As the documentation says, I wouldn't trust it with my real data, but I got it working fine on a test account here, using the UW imap and smtp servers, and a webdav server I have an account on at UC Santa Cruz.
This is real progress!
Congratulations to Mitch, Chao, Lisa, Pieter, Katie, Heikki, Andi, Ted, Brian, and all the rest of the OSAF gang!
The other day Xeni Jardin mentioned my band's release of sheet music (along with audio files) using a Creative Commons license in the extremely popular Boing Boing weblog (I believe this to be the first use of CC licenses for the sheet music for original compositions).
The band's web site had been bubbling along at about 200 page requests a day. On Monday, the day we got mentioned in Boing Boing, we received 2,456 page requests! Aha! Finally, our hour of fame!
But by Tuesday we were back down to 648 requests. I guess we've had our fifteen minutes for now.
The Boing Boing post is here.
I've been thinking about buying an iPod for a long time...still haven't convinced myself to part with that much money.
Now Apple's got some new ones out - you can pay $100 extra to get a color screen on your 40 GB version, so you can display photos (doesn't seem that interesting to me, but I'm sure they'll sell a ton of 'em). Or you can spend $600 (!!!) for a 60 GB iPod with the color screen.

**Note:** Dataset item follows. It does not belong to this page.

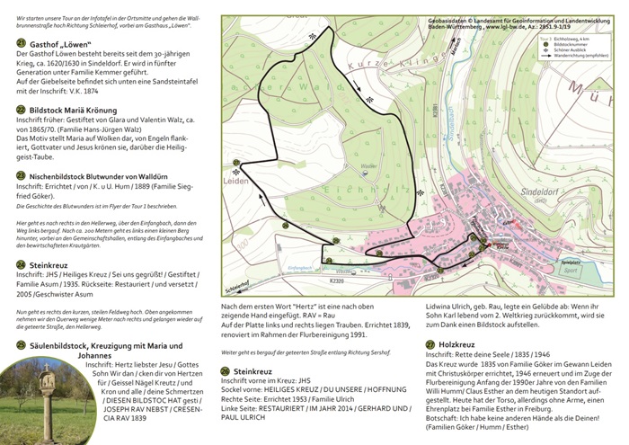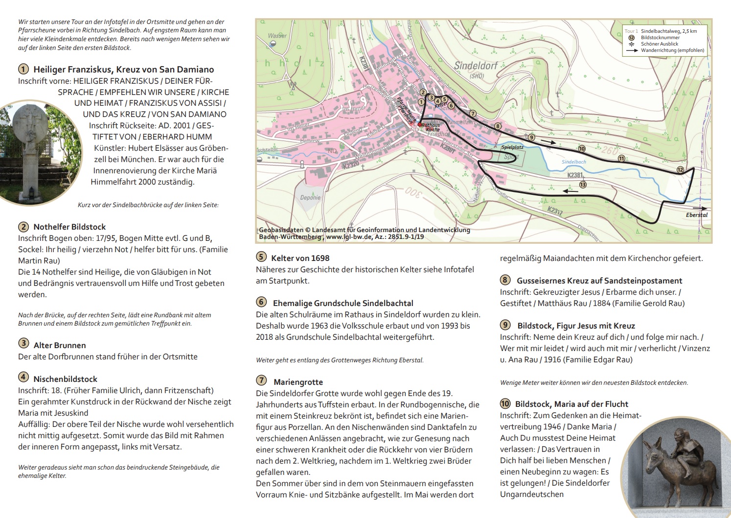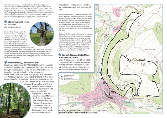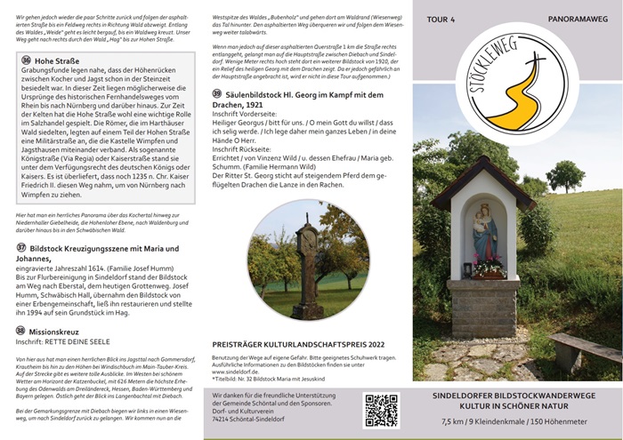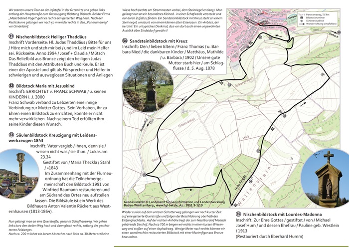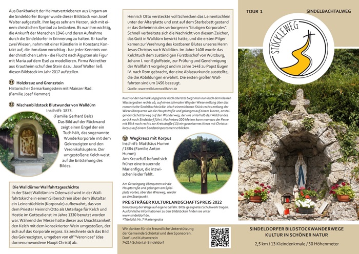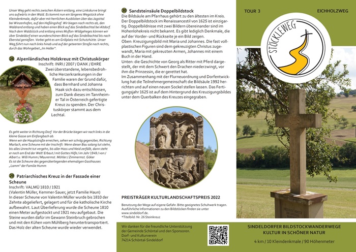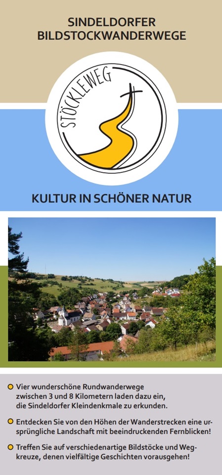 Mit vielen Ehrenamtlichen wurden aus diesen Informationen 4 Rundwanderwege entlang der Bildstöcke konzipiert. Im Sindeldorfer Ortsmittelpunkt, vor der Kirche „Mariä Himmelfahrt“, dem Pfarrhaus mit der zum Gemeindehaus umgebauten ehemaligen „Pfarrscheune“ und dem alten Rathaus von 1841 wurde eine Informationstafel mit Flyern aufgestellt. Ein optimaler Platz, um die Touren in die umliegenden Höhen zu starten.

Or you can get the 20 GB iPod in a special U2 version.
I don't like U2. I've never liked U2. I don't hear anything compelling at all in their music, and I find their attitude insufferable. Sorry, all you millions of U2 fans out there - nothing personal - I just don't get it.
But I do like the black and red color combo on the U2 iPod - hey, Apple, can I get that version without the autographs on the back?

Alan from the Command Post gave a terrific talk to the AP Managing Editors about how blogs and the Internet are changing the business of gathering and disseminating news. Thanks to Tim Oren for pointing this out!
Your ability to choose when and how something is reported, and the timeline over which you can hold information as you make that choice, are more compressed every day. Anyone can spill the beans, and with the web and email, everyone has access to the beans.
Worth a read!
The other day I bought the Neville Brothers fine funky new album Walkin' in the Shadow of Life from the iTunes Music Store, putting it on my iMac at work to listen to while I worked.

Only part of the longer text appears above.